In Safe Mode, they hit the nsEventListenerManager::cycleCollection::Traverse crash signature:
Frame 	Module 	Signature [Expand] 	Source
0 	xul.dll 	nsEventListenerManager::cycleCollection::Traverse 	content/events/src/nsEventListenerManager.cpp:180
1 	xul.dll 	nsCycleCollector::MarkRoots 	xpcom/base/nsCycleCollector.cpp:1961
2 	xul.dll 	nsCycleCollector::BeginCollection 	xpcom/base/nsCycleCollector.cpp:2906
3 	xul.dll 	nsCycleCollectorRunner::Run 	xpcom/base/nsCycleCollector.cpp:3626
4 	xul.dll 	nsThread::ProcessNextEvent 	xpcom/threads/nsThread.cpp:660
5 	xul.dll 	nsThreadStartupEvent::Run 	xpcom/threads/nsThread.cpp:221
6 	nspr4.dll 	_PR_NativeRunThread 	nsprpub/pr/src/threads/combined/pruthr.c:426
Crash Signature: [@ GCGraphBuilder::NoteXPCOMChild(nsISupports*) ] → [@ GCGraphBuilder::NoteXPCOMChild(nsISupports*)] [@ @0x0 | GCGraphBuilder::NoteXPCOMChild(nsISupports*)]
There are a lot of Wikipedia-related comments.
11:
"happens about 50% of time when I visit wikipedia through search box"
"This crash occurs every time I attempt to search Wikipedia via the search bar plugin. It does not occur when I use other searches from the same bar. It does not occur when I navigate to Wikipedia using the URL bar or search via the Wikipedia landing page."
"Problem with wikipedia. Crashes everytime after 2 seconds."
12:
"This crash (along with the one submitted from my same machine about 2.5 hours ago, and along with the previous six crashes for which I didn't submit crash reports) was triggered by entering something into the #nav-bar's search bar, then clicking/pressng enter to tell Firefox to search, with Wikipedia as the selected search engine. (It used to seem associated with alt-tabbed away while still loading, but in this case Firefox still had focus.)"
"Yet another crash after entering text into the search bar and searching with Wikipedia as the search engine."
All 5 of these reported Wikipedia crashes occurs in nsDOMEvent::cycleCollection::Traverse, in the NoteXPComChildren from the line:
  NS_IMPL_CYCLE_COLLECTION_TRAVERSE_NSCOMPTR(mEvent->target)
All the crashes are in canonicalize.  They are all on different CPUs, so they are probably different people.

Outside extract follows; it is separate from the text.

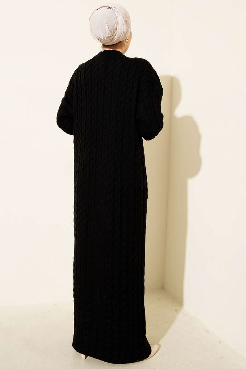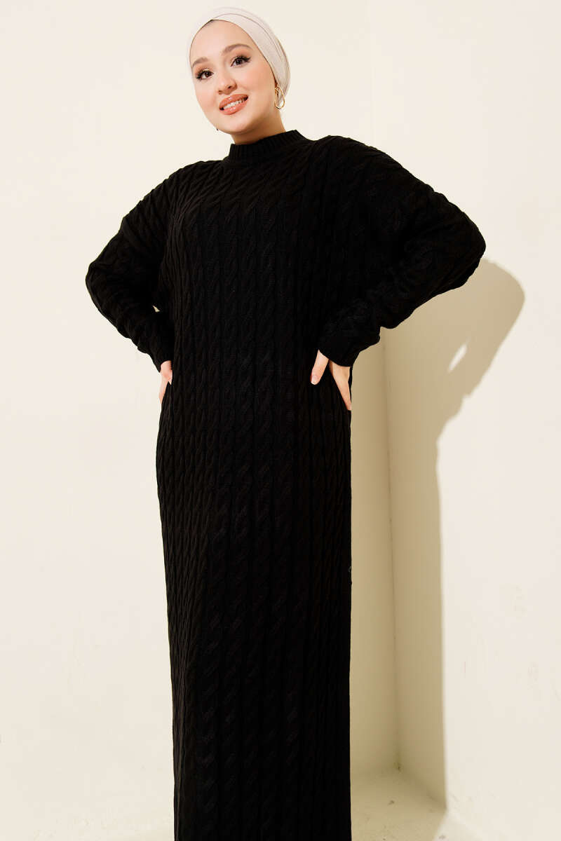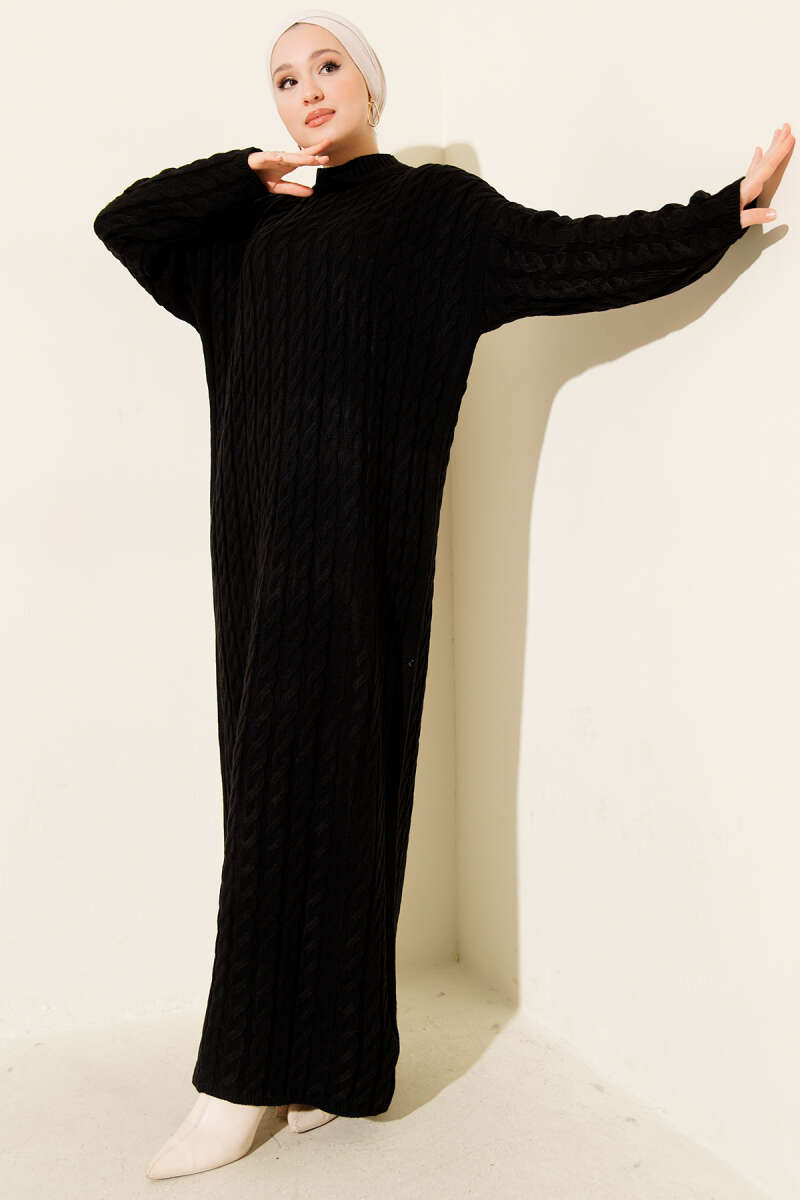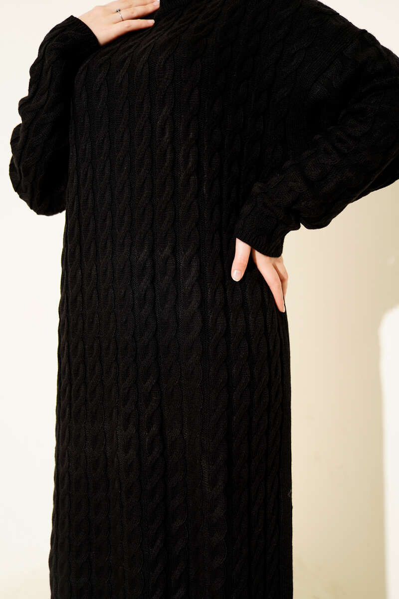Saç Örgülü Basic Triko Elbise Yağ Yeşili

4 of the 5 have HTTPS Everywhere 1.2.1 installed.  It looks like 1.2.2 is the latest.  The fifth reports 0 extensions, which I assume is erroneous.

One of the things noted in the changelog for 1.2.2 is: "Fixes: Wikipedia, Identi.ca, Verizon, CCC.de, UserScripts, Yandex"
Depends on: 718285
(In reply to Andrew McCreight [:mccr8] from comment #52)
> All 5 of these reported Wikipedia crashes occurs in
> nsDOMEvent::cycleCollection::Traverse, in the NoteXPComChildren from the
> line:
>   NS_IMPL_CYCLE_COLLECTION_TRAVERSE_NSCOMPTR(mEvent->target)
> All the crashes are in canonicalize.  They are all on different CPUs, so
> they are probably different people.
> 
> 4 of the 5 have HTTPS Everywhere 1.2.1 installed.  It looks like 1.2.2 is
> the latest.  The fifth reports 0 extensions, which I assume is erroneous.
> 
> One of the things noted in the changelog for 1.2.2 is: "Fixes: Wikipedia,
> Identi.ca, Verizon, CCC.de, UserScripts, Yandex"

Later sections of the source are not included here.